I also do think that marriage is better than living together but you really have to be serious about it before you to it. I would want to be sure that they are with a guy they have known for awhile who can make a good living and that both of them are committed to working throughout the marriage. I've actually lost quite a bit of sleep over this. I don't want my daughters to have to experience the hell I've gone through. On one hand I never want them to get married but on the other I want them to be happy and living with a guy puts you more at risk then having a ****ty marriage. All I can do is pray for their future that they find a better spouse then their mother.


----------



## Itwasjustafantasy (Jan 8, 2016)

Diana7 said:


> What have you got against grandchildren?

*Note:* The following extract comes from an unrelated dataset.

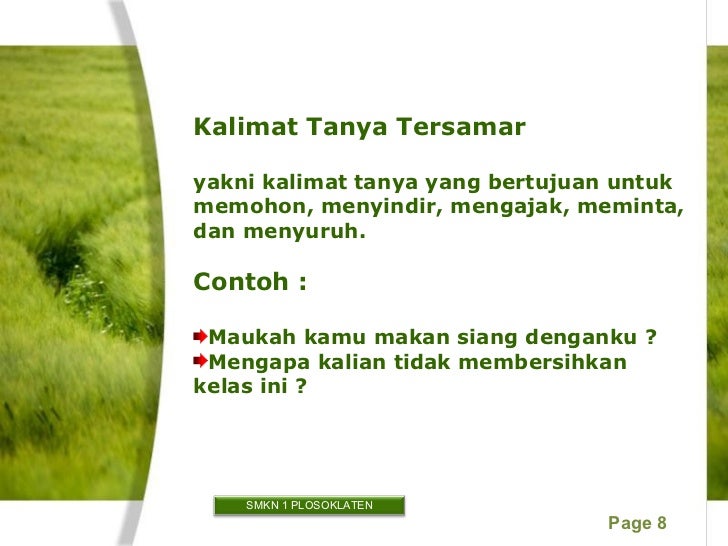 Dengan kalimat tanya tersamar penanya dapat menyampaikan berbagai tujuan seperti memohon meminta menyindir membiarkan mengajak menegaskan menyetujui menggugah melarang menyuruh dan lain sebagainya. Berikut adalah beberapa contoh dari kalimat tanya tersamar. Apakah kemiskinan di negeri ini harus terus dibiarkan. Contoh kalimat tanya tersamar sesuai dengan namanya kalimat tanya adalah kalimat yang mengandung makna berupa pertanyaan. Kalimat tanya retoris kalimat ini adalah kalimat tanya tanpa jawaban karena sebenarnya dia sudah mengetahui jawabannya. Kalimat tanya tersamar maksudnya adalah bentuk kalimat tanya yang mengacu pada bermacam maksud.

Nothing against grandchildren per se. I feel completely fulfilled with having my one and only daughter. Parenting has been rough for both my husband and I, we were together for almost a decade before we considered having a child. I have a history of severe post partum depression and depression and anxiety in general so being a good enough mother has been and continues to be a role that is not easy for me at all even when my awesome husband is the most involved father to our child. 
So, I look forwards to the freedom and spontaneity that not caring for very young children will allow my husband and me once our little one is a young adult. Of course that is not guaranteed but grandchildren deserve love and attention that I am simply not willing to give. Everyone tells me everything changes once you hold that little baby in your arms, etc etc but I am a realist, I refuse to romanticize life events that involved a lot more than pure fun and joy...being a good human being, friend, parent or grandparent requires an element of selflessness and desire to truly be present not just physically but mentally. I have no such desire. Now again should my daughter decide to have children, I will probably embrace my role as a grandmother but unlike some other women i know tje last thing Id evee do is to nag her about making me a grandmother. I am already a fantastic auntie and work with children on top of having my own child, being true to myself I know I get plenty of opportunities to be nurturing and loving to the children that are already in my life. In other words I am fulfilled with my life as it is. I want to focus the years when my daughter needs me less on my husband as that would make him and me very happy.


----------



## EleGirl (Dec 3, 2011)

Ol'Pal said:


> Marriage is a great deal for women. I could never advise my son to get married though.


Marriage the same deal for men and women. The laws are not gender specific.


----------



## john117 (May 20, 2013)

rockon said:


> Of which she will have no idea about?


The acceptance criteria is well documented


----------



## Diana7 (Apr 19, 2016)

TX-SC said:


> Mine was only $25, but it's rare these days. Some folks are dropping $50,000+ on weddings. Sad...
> 
> Sent from my LG-US996 using Tapatalk


 Our married childrens weddings cost £4,500($5600) and £5000($6000). One had a hundred guests as well. Both really nice weddings. 
Mine and my husbands 11 years ago only cost about £600($750). That included a suit for him and his son and my outfit. 
You can have very cheap wedding if you really want to.


----------



## TX-SC (Aug 25, 2015)

Diana7 said:


> Our married childrens weddings cost £4,500($5600) and £5000($6000). One had a hundred guests as well. Both really nice weddings.
> Mine and my husbands 11 years ago only cost about £600($750). That included a suit for him and his son and my outfit.
> You can have very cheap wedding if you really want to.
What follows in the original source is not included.